Smoke verification (1x8 H100, Qwen3-1.7B + gsm8k, 2 training steps):
step:1 rollout_probs_diff_max=0.0 pearson_corr=0.9999999
actor/entropy=0.180 k3_kl=0.0
step:2 rollout_probs_diff_max=0.0 pearson_corr=1.0
actor/entropy=0.176 k3_kl=0.0
Bitwise actor<->rollout alignment is preserved under transformers v5.
The 30B-A3B B200 recipe was not re-validated on H100 here because its
`max_cache_blocks=4608` is sized for 192GB HBM and OOMs on 80GB
H100; alignment math is shared with the 1.7B path, so v5 risk is
contained to the import/dataclass surface (already covered by the
1.7B smoke).
There was a problem hiding this comment.
Code Review
This pull request updates vllm to 0.19.1 and veomni to a newer revision, while adding a global override for transformers==5.2.0 to resolve dependency conflicts. Reviewers noted that this override is risky as vllm explicitly excludes this version range, suggesting that veomni should ideally be updated to a whitelisted transformers version (5.5.1+) instead. Feedback also included a request to clarify comments in pyproject.toml regarding the global nature of the uv override compared to its effect on pip users.
| # vllm 0.19.1's metadata still excludes transformers 5.0.*-5.4.* (only | ||
| # 5.5.1+ is whitelisted), but VeOmni pins transformers==5.2.0. Override | ||
| # vllm's conservative ceiling so the `vllm` and `veomni` extras can | ||
| # coexist; vllm 0.19.1 runs fine against transformers 5.2 in practice. | ||
| "transformers==5.2.0", |
There was a problem hiding this comment.
Forcing transformers==5.2.0 via override-dependencies to bypass vllm's version constraints is risky. Since vllm explicitly excludes versions 5.0.* through 5.4.*, there may be known incompatibilities or breaking changes in the transformers API that vllm relies on. While the smoke tests passed for the Qwen3-1.7B rollout, this override might cause issues in other vllm features or models.
Additionally, this override makes the pin global for all uv users, which contradicts the PR description's intent to only affect veomni users.
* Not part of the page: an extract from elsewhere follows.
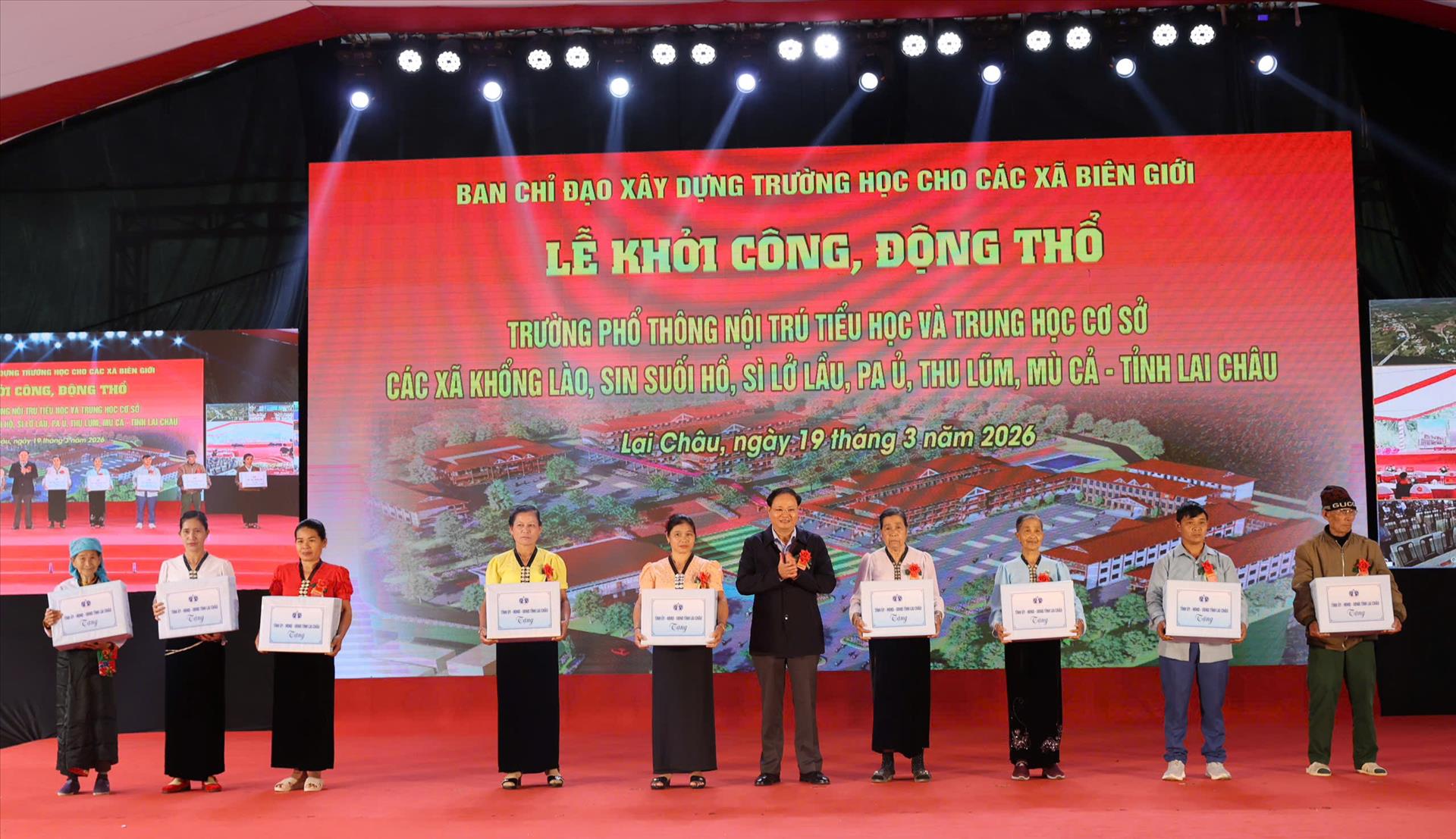 Cùng với đại biểu 17 điểm cầu tại 17 tỉnh, thành phố trong cả nước, tại buổi Lễ, các đồng chí lãnh đạo tỉnh Lai Châu, các đại biểu đã thực hiện nghi thức động thổ Khởi công các dự án đầu tư xây dựng Trường Phổ thông nội trú Tiểu học và Trung học cơ sở các xã Khổng Lào, Sin Suối Hồ, Sì Lở Lầu, Thu Lũm, Pa Ủ, Mù Cả.

If transformers 5.5.1+ is already whitelisted by vllm, consider if VeOmni can be updated to that version to avoid the need for a global override.
| # VeOmni's default install pins transformers==5.2.0 (via its | ||
| # `transformers-stable` dependency group). Mirror that pin here so vexact | ||
| # users picking up the veomni extra resolve to the same version VeOmni | ||
| # tests/develops against. | ||
| "transformers==5.2.0", |
There was a problem hiding this comment.
The comment here states that the pin only hits users of the veomni extra. However, due to the global override added in tool.uv.override-dependencies (line 162), this version is actually enforced for all uv resolutions in this project. The pin in the extra is effectively redundant for uv users but remains relevant for pip users. Please update the comment to reflect the actual behavior under uv.
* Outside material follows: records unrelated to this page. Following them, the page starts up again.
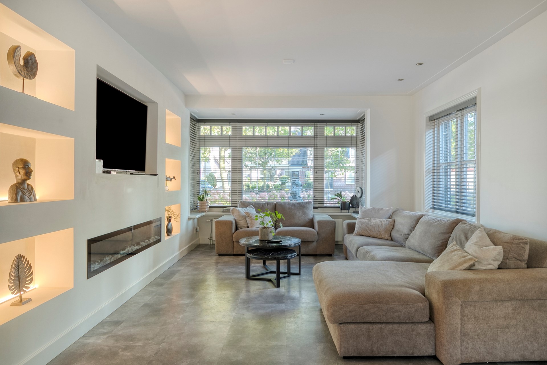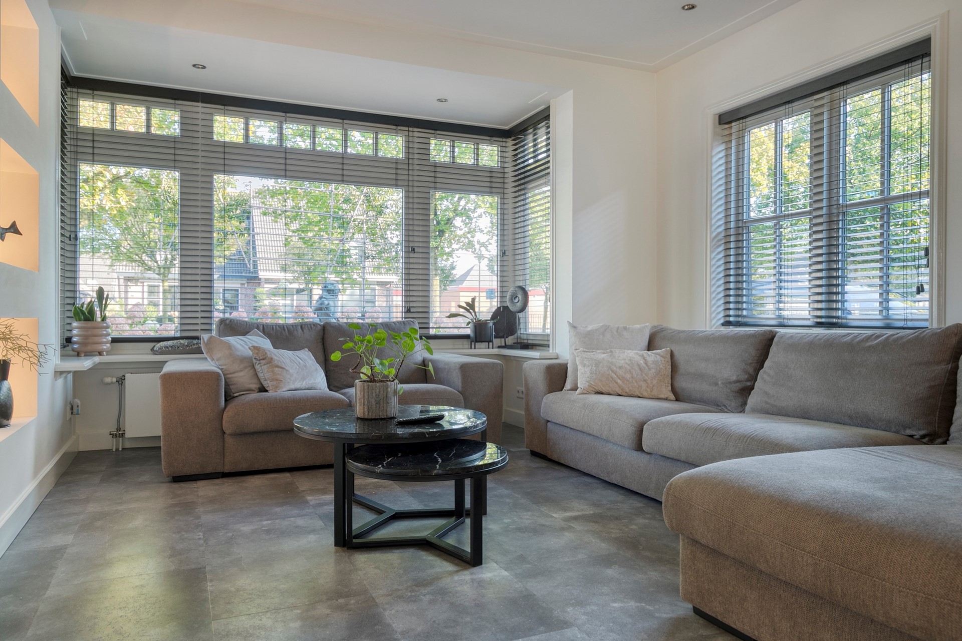De lichte woonkamer is sfeervol en comfortabel, voorzien van een moderne vinyl-look vloertegel met vloerverwarming en een charmante erker aan de voorzijde. Aan de achterzijde is de woning uitgebouwd, wat zorgt voor extra leefruimte en een royale opstelling van de keuken.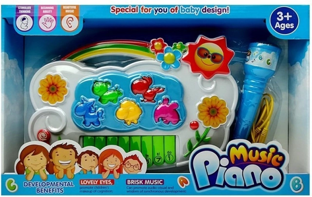 Zabawne interaktywne pianino dla dzieci z mikrofonem i możliwością podłączenia telefonu kablem do odtwarzania muzyki. Oferuje 8 klawiszy, mikrofon karaoke oraz kolorowe wykonanie, które zachęca do zabawy. W zestawie znajdują się także zwierzęce elementy do wkładania w odpowiednie miejsca oraz przełączanie między angielskim i hiszpańskim.
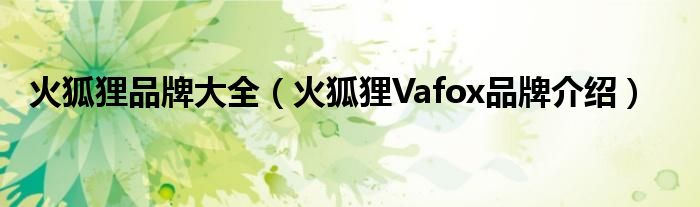 大家好,小源来为大家解答以上问题。火狐狸品牌大全,火狐狸Vafox品牌介绍很多人还不知道,现在让我们一起来看看吧!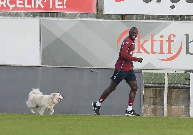 Trabzonspor'un Fenerbahçe hazırlıkları sürerken, tesislere gelen beyaz renkli köpek herkesin ilgi odağı oldu.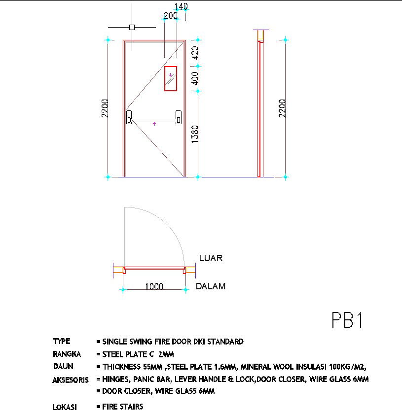 1000×2200 sized single swing fire door design is given in the AutoCAD drawing. A steel plate of 2mm is used. Hinges, panic bar, lever handle, lock, 6mm wire glass, door closer, etc. Accessories are given. It is located at the fire stairs. For more details and information download the AutoCAD drawing file.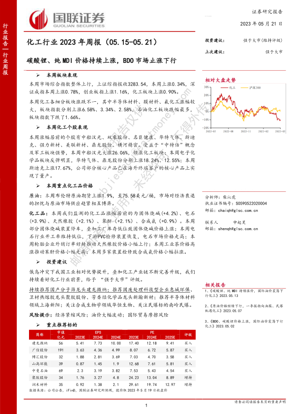 本报告对2023年5月15日至5月21日化工行业周报进行了数据分析和解读。本周化工板块整体表现强于大盘,但细分板块和个股表现分化明显。部分化工品价格上涨,部分下跌,价格波动较大。报告分析了市场行情、重点化工品价格、公司公告和行业新闻,并提出了几条主要的投资主线和建议,同时提示了投资者需要注意的风险。 我们维持对化工行业的“强于大市”评级,并建议投资者关注报告中推荐的具有国产替代优势、低估值或高成长属性的标的,但需密切关注市场风险。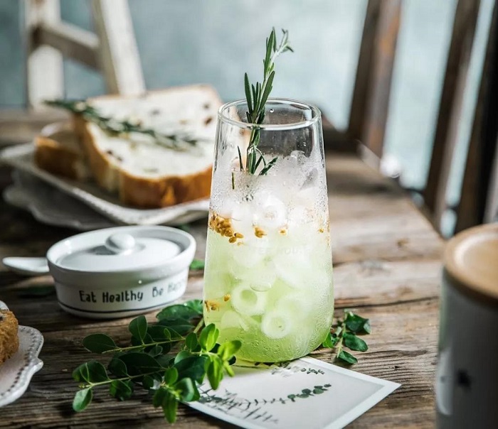 制作方法: 將黃瓜和蜂蜜加入雪克壺中攪拌,隨后加入芒果泥和青檸汁,加冰搖晃后過濾倒入容器,將干姜水從頂部倒入并攪拌。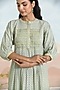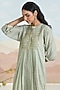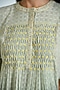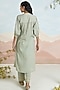 Featuring a sage green kurta in cotton dobby base with floral embroidery and hand-smocked detail. It is paired with straight-fit pants. Accentuate it with stud earrings and heels for a festive look.

| # VeOmni's default install pins transformers==5.2.0 (via its | |
| # `transformers-stable` dependency group). Mirror that pin here so vexact | |
| # users picking up the veomni extra resolve to the same version VeOmni | |
| # tests/develops against. | |
| "transformers==5.2.0", | |
| # VeOmni's default install pins transformers==5.2.0 (via its | |
| # `transformers-stable` dependency group). Mirror that pin here for pip | |
| # users; note that for uv users, this is enforced project-wide via | |
| # override-dependencies to resolve conflicts with vllm. | |
| "transformers==5.2.0", |
Without these fixes vexact rollout drifts severely from the actor side on
both supported MoE architectures under transformers v5
(``rollout_probs_diff_max`` ≈0.99/0.998), making bitwise-aligned RL
training impossible.
Five concrete causes; one fix per cause:
1. ``ModelCreator`` allocated the ``"weights"`` TorchMemorySaver region with
``enable_cpu_backup=False``. ``rollout.release()`` pauses every region,
so weights were *freed* on pause and came back as uninitialised garbage
on resume. Flip the flag to ``True`` so the offload preserves values.
2. VeOmni v5's actor exposes MoE experts as a fused
``mlp.experts.gate_up_proj`` (shape ``[E, 2I, H]``), but vexact stored
per-projection ``gate_proj`` / ``up_proj`` tensors. verl's bucketed
FSDP→rollout transfer therefore silently dropped every expert key. Move
vexact's ``Qwen3MoeExperts`` and ``PatchDeepseekV3NaiveMoe`` to the
fused layout, slice into per-projection views at MoE-forward time.
3. Extend the per-expert loader to also accept ``gate_up_proj.weight`` (the
bucketed sync ships ``mlp.experts.{idx}.gate_up_proj.weight``) and to
know how to write the fused destination from per-projection disk keys.
4. Use VeOmni's ``veomni.ops.fused_moe_forward`` (``fc1_1_2_weight=…``
merged-fc1 path) on the rollout side too so the kernels match the
actor's exactly. Initialise ``veomni.distributed.parallel_state``
(non-EP, ``dp_size=world_size``) in ``Worker.__init__`` because the
group_gemm/quack/npu kernels read ``get_parallel_state().ep_enabled``
on every forward and would otherwise crash with
``ValueError: product of parallel sizes…`` under PP>1. The kernel
binding tolerates CPU-only worker processes (AgentLoopWorker, etc.).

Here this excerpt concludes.